A) The estimated standard error for the sample mean difference is 6 points. B) The estimated standard error for the sample mean difference is 3 points. C) Larger samples produce a smaller standard error.
Childhood participation in sports, cultural groups, and youth groups appears to be related to improved self-esteem for adolescents. In a represent study, a sample of n=100 adolescents with a history of group participation is given a standardized self0esteem questionnaire. For the general population of adolescents, scores on this questionnaire form a normal distribution with a mean of mu=50 and a standard deviation of sigma=15. The sample of group participation adolescents had an average of M=53.8 a) Does this sample provide enough evidence to conclude that self-esteem scores for these adolescents are significantly different from those of the general population? Use a two-tailed test with alpha=0.05. b) Compute Conhen's d to measure the size of the difference c) Write a sentence describing the outcome of the hypothesis test and the measure of effect size as it would appear in a research report
A) The null hypothesis states that participation in sports, cultural groups, and youth groups has no effect on self esteem on hypothesis testing Step 1: H0: μ = 50 (even with participation, the mean is still 50 so did not change). H1: μ ≠ 50 (the mean has changed with the participation) Step 2: The critical region consists of z-scores beyond ±1.96. This test is two-tailed with an alpha-level of 0.05 Step 3: For these data of n = 100, the standard error is: 15 / sqrt(100) = 1.5 and z = (53.8-50)/1.5 = +2.53. This is beyond the critical value of 1.96, so we conclude that there is a significant effect. Step 4: Reject the null hypothesis. There is a significant effect of group participation on self-esteem. z = 2.53, p < .05, d = 0.253 B). Cohen's d = 3.8/15 = 0.253. C). The results indicate that group participation has a significant effect on self-esteem. z = 2.53, p < .05, d = 0.253
The spotlight effect refers to overestimating the extent to which others notice your appearance or behavior, especially when you commit a social faux pas. Effectively, you feel as if you are suddenly standing in a spotlight with everyone looking. In one demonstration of this phenomenon, Gilovich, Medvec, and Savitsky (2000) asked college students to put on a Barry Manilow T-shirt that fellow students had previously judged to be embarrassing. The participants were then led into a room in which other students were already participating in an experiment. After a few minutes, the participant was led back out of the room and was allowed to remove the shirt. Later, each participant was asked to estimate how many people in the room had noticed the shirt. The individuals who were in the room were also asked whether they noticed the shirt. In the study, the participants significantly overestimated the actual number of people who had noticed. A) In a similar study using a sample of n = 9 participants, the individuals who wore the shirt produced an average estimate of M = 6.4 with SS = 162. The average number who said they noticed was 3.1. Is the estimate from the participants significantly different from the actual number? Test then null hypothesis that the true mean is μ = 3.1 using a two-tailed test with α = .05. B) Is the estimate from the participants significantly higher than the actual number (μ = 3.1)? Use a one-tailed test with α = .05.

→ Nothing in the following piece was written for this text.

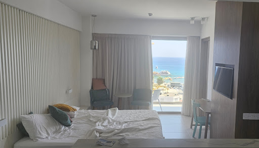 Read moreStayed here for 10 nights with my boyfriend bed and breakfast in a side sea view room. Let's start with the positives, the location of the hotel is perfect, 2 minute walk to the strip but no noise can be heard at night and 2 minute walk to the beach. The hotel is spotlessly clean and house keeping were brilliant they came every day to clean and replace anything we needed and were always friendly and said hello. The room itself was very spacious and the bed was huge and very comfortable. Even though we booked a side sea view room when opening the balcony door we realised we were directly facing the sea and also had a view of the pool with a huge balcony so I'm not sure if we got an upgrade or if this is correct. Reception staff were always pleasant and said hello as we walked past, same goes for the pool bar staff. We didn't use the indoor facilities as it's summer and we were always outside but we did go and have a nosey, nice indoor pool and gym and a small games room. Well done to the maintenance guys who I saw nearly every day coming to check on the pool and test the water,the pool was always lovely and clean during our stay and appeared well maintained. On one of the days there was a dj round the pool,this was really good and created a bit of an atmosphere because usually it was silent. Definitely think there needs to be some background music played around the pool. |Now for the negatives, the pool and pool area is far too small for the amount of guests staying at the hotel and there are not enough sunbeds. I appreciate we stayed during the uk summer 6 week holidays and the Cypriot holidays however, people were able to walk in from the street and use the facilities and locals who were staying there had groups of friends round the pool area reserving sunbeds and tables and chairs etc. As mentioned above we stayed bed and breakfast but we only went for breakfast once as it was an absolute shambles, the area where breakfast is served is again far too small for the amount of guests staying at the hotel. People were walking around with plates of food trying to find somewhere to sit to eat because there were no tables, people were constantly bumping in to each other trying to get to the food as it was so cramped. The food itself was actually okay and hot the day we did manage it😂. This hotel is ideal for a base if you're...

A) With a two-tailed test, the critical boundaries are±2.306 and the obtained value of t = 3.3/1.5 = 2.20 is not sufficient to reject the null hypothesis. Fail to reject H0. B) For the one-tailed test the critical value is 1.860, so we reject the null hypothesis and conclude that participants significantly overestimated the number who noticed.
Ackerman and Goldsmith (2011) found that students who studied text from printed hardcopy had better test scores than students who studied from text presented on a screen. In a related study, a professor noticed that several students in a large class had purchased the e-book version of the course textbook. For the final exam, the overall average for the entire class was μ = 81.7 but the n = 9 students who used e-books had a mean of M = 77.2 with a standard deviation of s = 5.7. B) Construct the 90% confidence interval to estimate the mean exam score if the entire population used e-books
B) For 90% confidence, use t = ±1.860. The interval is 77.2 ± (1.860)1.9 and extends from 73.666 to 80.734.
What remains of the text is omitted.